• _Problem description_: Go through the data below line by line and report how many lines contain "Глава", giving only that figure.

• _Dataset records_:
=== Begin Enclosure ===

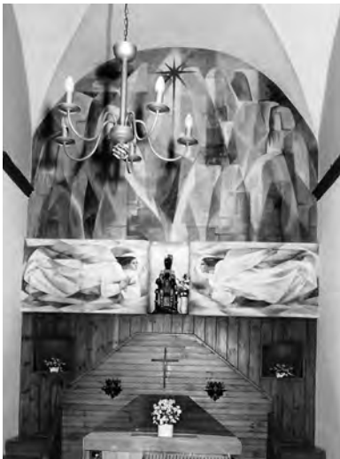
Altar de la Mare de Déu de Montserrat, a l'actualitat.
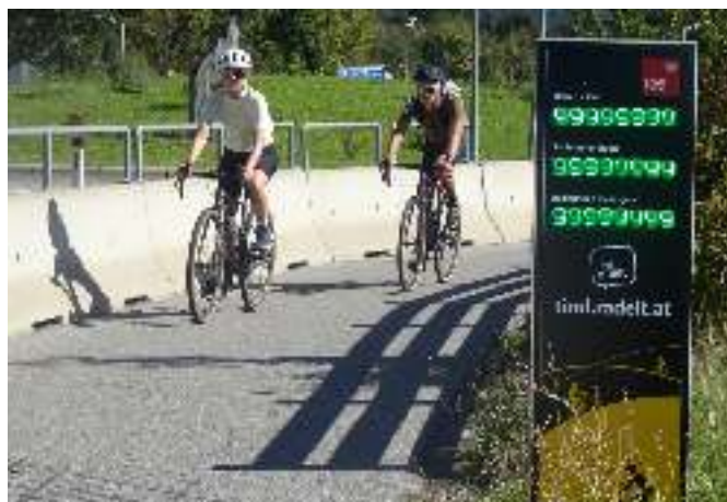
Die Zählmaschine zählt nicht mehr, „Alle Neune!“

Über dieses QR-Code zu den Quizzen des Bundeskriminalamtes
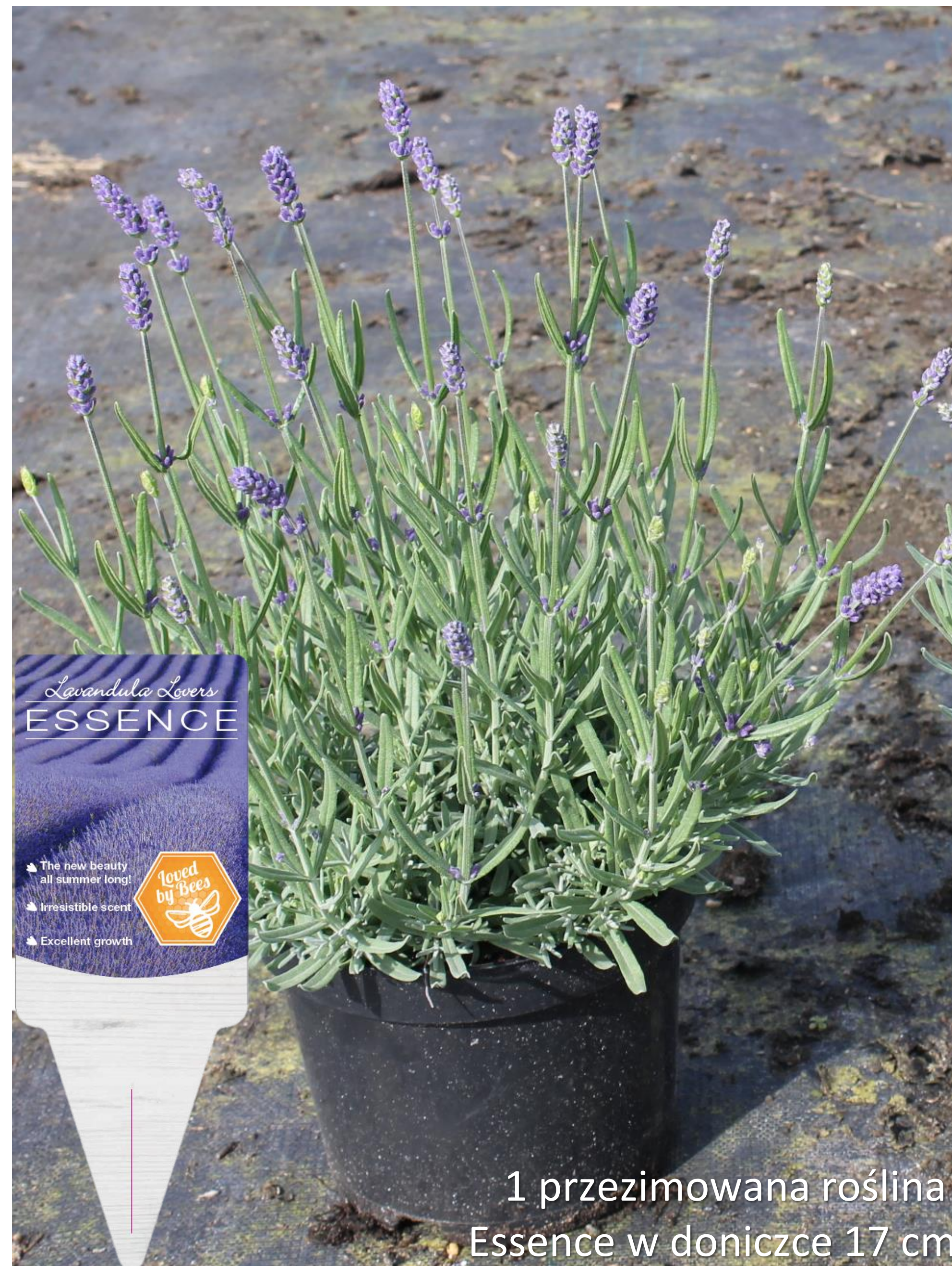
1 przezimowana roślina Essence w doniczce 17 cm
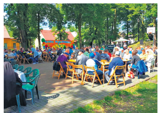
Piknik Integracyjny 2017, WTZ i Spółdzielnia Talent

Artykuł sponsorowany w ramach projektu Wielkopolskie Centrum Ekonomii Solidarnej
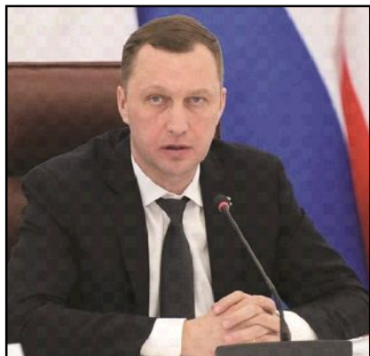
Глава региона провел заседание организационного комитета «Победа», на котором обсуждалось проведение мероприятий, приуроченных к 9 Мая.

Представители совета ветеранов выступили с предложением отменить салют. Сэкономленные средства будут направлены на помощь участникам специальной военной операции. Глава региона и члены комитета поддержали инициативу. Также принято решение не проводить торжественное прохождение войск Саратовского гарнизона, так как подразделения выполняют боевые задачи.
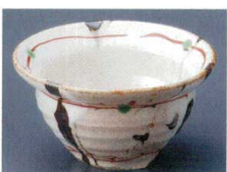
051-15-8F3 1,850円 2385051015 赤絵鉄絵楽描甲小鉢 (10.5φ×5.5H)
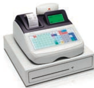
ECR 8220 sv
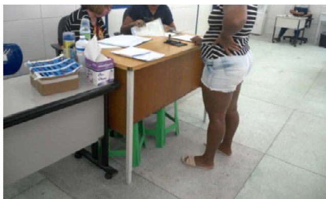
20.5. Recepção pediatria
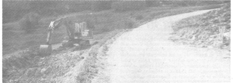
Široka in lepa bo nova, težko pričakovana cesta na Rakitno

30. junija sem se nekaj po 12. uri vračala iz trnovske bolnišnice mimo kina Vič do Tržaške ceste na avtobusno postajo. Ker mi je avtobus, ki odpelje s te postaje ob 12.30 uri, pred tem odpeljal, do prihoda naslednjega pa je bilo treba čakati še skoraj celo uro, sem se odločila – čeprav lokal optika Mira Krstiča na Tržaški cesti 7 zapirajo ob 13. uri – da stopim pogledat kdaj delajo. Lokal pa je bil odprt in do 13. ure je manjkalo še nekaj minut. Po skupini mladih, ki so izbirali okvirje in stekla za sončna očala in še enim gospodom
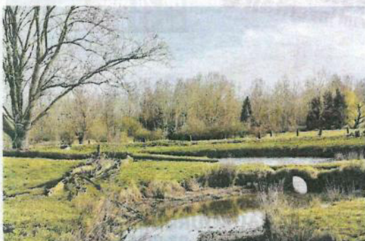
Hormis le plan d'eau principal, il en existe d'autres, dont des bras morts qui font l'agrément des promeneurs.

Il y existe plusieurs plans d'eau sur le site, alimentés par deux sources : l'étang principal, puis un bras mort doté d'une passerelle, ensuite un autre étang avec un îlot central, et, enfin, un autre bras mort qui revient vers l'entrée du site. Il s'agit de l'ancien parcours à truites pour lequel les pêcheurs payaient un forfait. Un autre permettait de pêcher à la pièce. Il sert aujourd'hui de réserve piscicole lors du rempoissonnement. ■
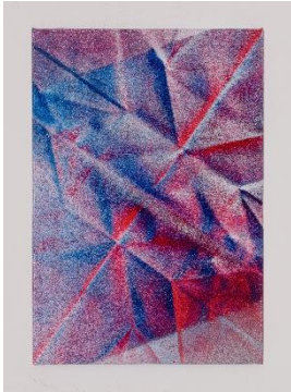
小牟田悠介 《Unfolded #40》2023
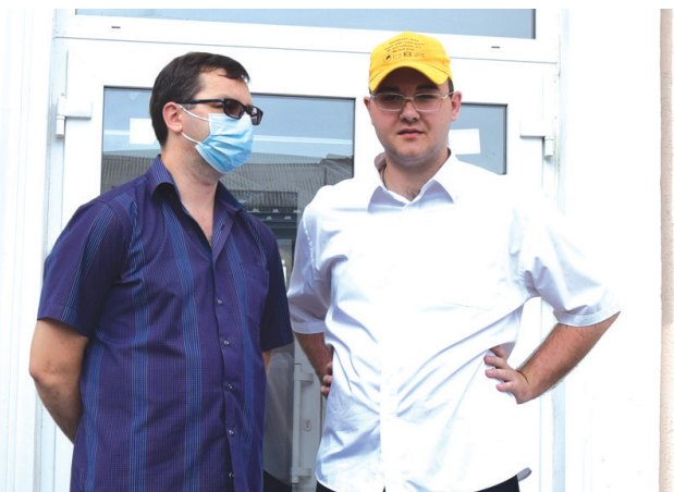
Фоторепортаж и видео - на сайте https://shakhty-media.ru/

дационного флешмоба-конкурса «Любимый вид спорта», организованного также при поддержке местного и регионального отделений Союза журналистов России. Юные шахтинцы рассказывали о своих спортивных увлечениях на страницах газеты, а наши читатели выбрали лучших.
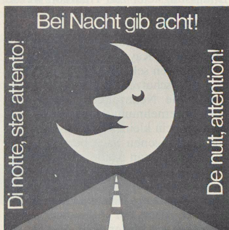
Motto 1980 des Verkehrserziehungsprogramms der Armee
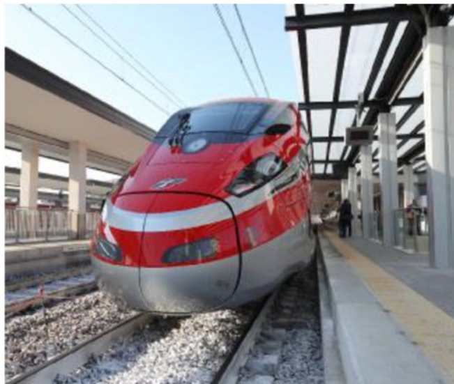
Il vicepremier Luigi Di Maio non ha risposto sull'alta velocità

=== End Enclosure ===

• _Solution to the problem_: 2